▸ AVAILABLE DATA:
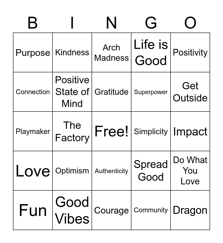 This bingo card has a free space and 24 words: Optimism, Good Vibes, Gratitude, Fun, Positivity, Purpose, Connection, Kindness, Simplicity, Authenticity, Superpower, Playmaker, Spread Good, Do What You Love, Positive State of Mind, Community, Impact, Arch Madness, Get Outside, The Factory, Dragon, Love, Life is Good and Courage.
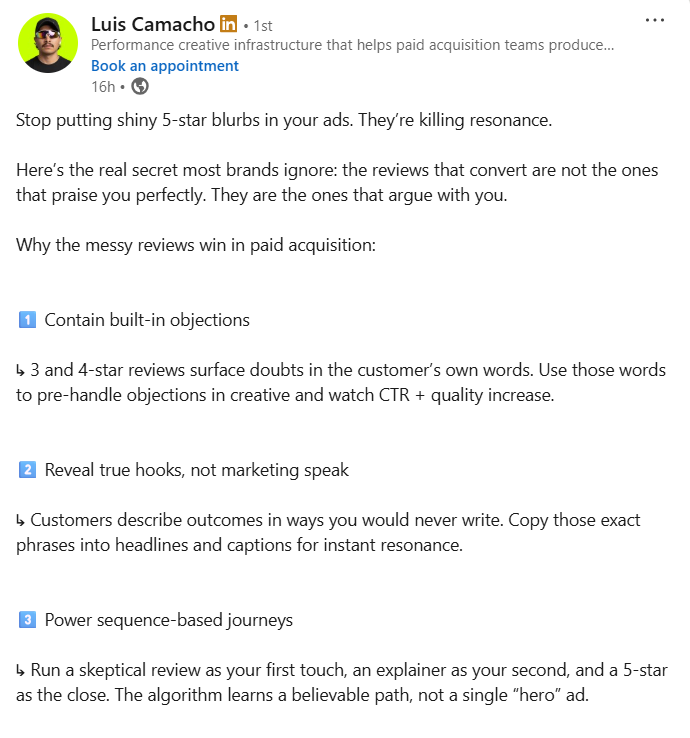 Why it works: Buyers trust content that reflects their own doubts. Imperfect reviews feel authentic and reduce resistance by addressing objections upfront. This increases relevance, improves click quality, and builds credibility faster than overly polished testimonials.
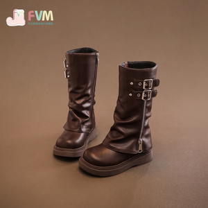 康蒂猫 女童靴子2025新款秋冬季儿童长筒长靴小公主高筒裤管皮靴
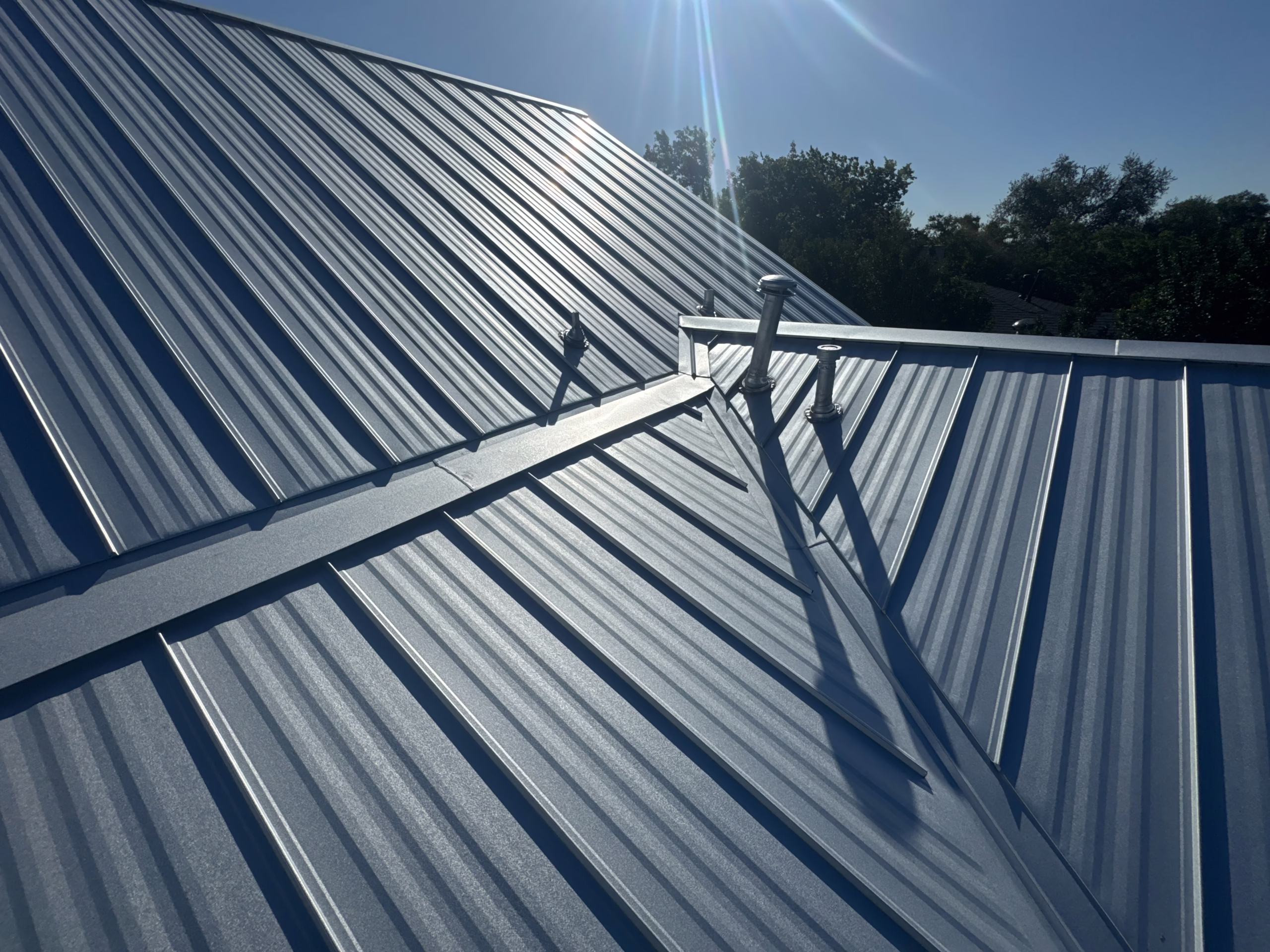 The panel profile also accommodates thermal movement — metal expands and contracts significantly with Texas temperature swings, and a system that doesn’t account for that will develop leaks and distortion regardless of material quality. Standing seam handles this correctly by design.

▸ BRIEF: Please output all the data exactly as given, with the pictures omitted.

▸ RESPONSE FOR THIS EXERCISE:
 This bingo card has a free space and 24 words: Optimism, Good Vibes, Gratitude, Fun, Positivity, Purpose, Connection, Kindness, Simplicity, Authenticity, Superpower, Playmaker, Spread Good, Do What You Love, Positive State of Mind, Community, Impact, Arch Madness, Get Outside, The Factory, Dragon, Love, Life is Good and Courage.
 Why it works: Buyers trust content that reflects their own doubts. Imperfect reviews feel authentic and reduce resistance by addressing objections upfront. This increases relevance, improves click quality, and builds credibility faster than overly polished testimonials.
 康蒂猫 女童靴子2025新款秋冬季儿童长筒长靴小公主高筒裤管皮靴
 The panel profile also accommodates thermal movement — metal expands and contracts significantly with Texas temperature swings, and a system that doesn’t account for that will develop leaks and distortion regardless of material quality. Standing seam handles this correctly by design.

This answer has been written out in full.